_Given information_
══════

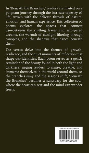 In "Beneath the Branches," readers are invited on a poignant journey through the intricate tapestry of life, woven with the delicate threads of nature, emotion, and human experience. This collection of poems explores the spaces that connect us-between the rustling leaves and whispered dreams, the warmth of sunlight filtering through canopies, and the shadows that dance beneath them. The verses delve into the themes of growth, resilience, and the quiet moments of reflection that shape our identities. Each poem serves as a gentle reminder of the beauty found in both the light and darkness, urging readers to pause, breathe, and immerse themselves in the world around them. As the branches sway and the seasons shift, "Beneath the Branches" becomes a sanctuary for the soul, where the heart can rest and the mind can wander freely.
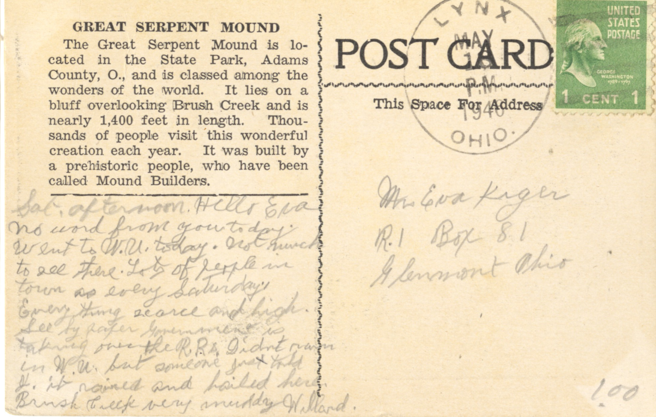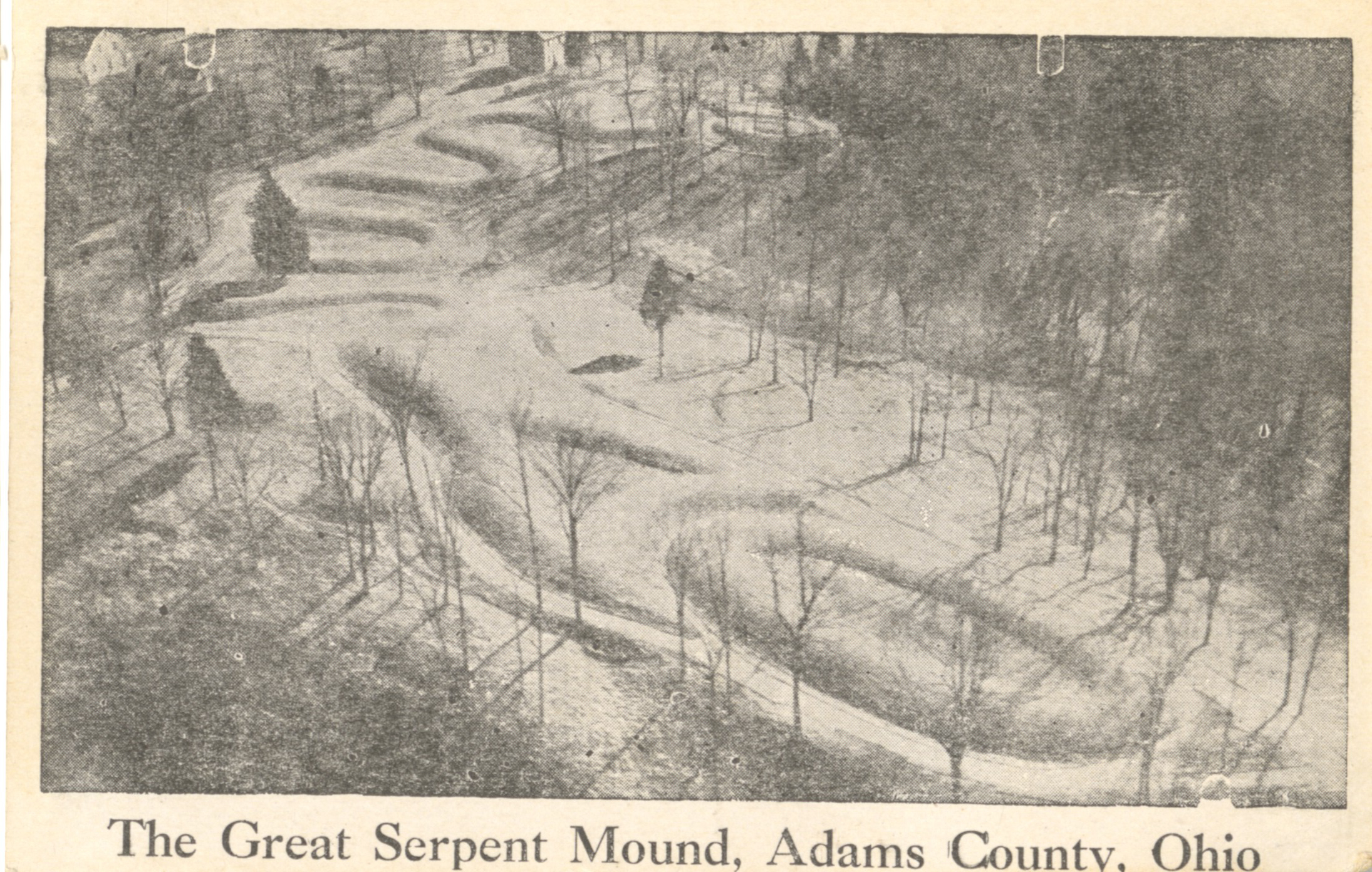Unknown, “The Great Serpent Mound, Adams County, Ohio,” Scioto County Public Library Local History Digital Collection, accessed December 13, 2025, https://www.sciotolibrary.org/history/items/show/18783.
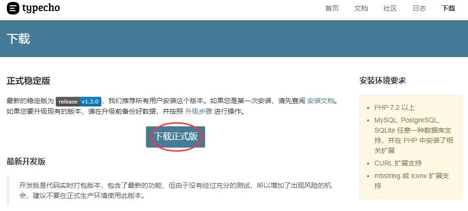 进入Typecho官网,下载正式版到本地电脑上。

══════

_Task objective_
Apart from the pictures, every line of the data above should be given again exactly.

_Response area_
 In "Beneath the Branches," readers are invited on a poignant journey through the intricate tapestry of life, woven with the delicate threads of nature, emotion, and human experience. This collection of poems explores the spaces that connect us-between the rustling leaves and whispered dreams, the warmth of sunlight filtering through canopies, and the shadows that dance beneath them. The verses delve into the themes of growth, resilience, and the quiet moments of reflection that shape our identities. Each poem serves as a gentle reminder of the beauty found in both the light and darkness, urging readers to pause, breathe, and immerse themselves in the world around them. As the branches sway and the seasons shift, "Beneath the Branches" becomes a sanctuary for the soul, where the heart can rest and the mind can wander freely.
Unknown, “The Great Serpent Mound, Adams County, Ohio,” Scioto County Public Library Local History Digital Collection, accessed December 13, 2025, https://www.sciotolibrary.org/history/items/show/18783.
 进入Typecho官网,下载正式版到本地电脑上。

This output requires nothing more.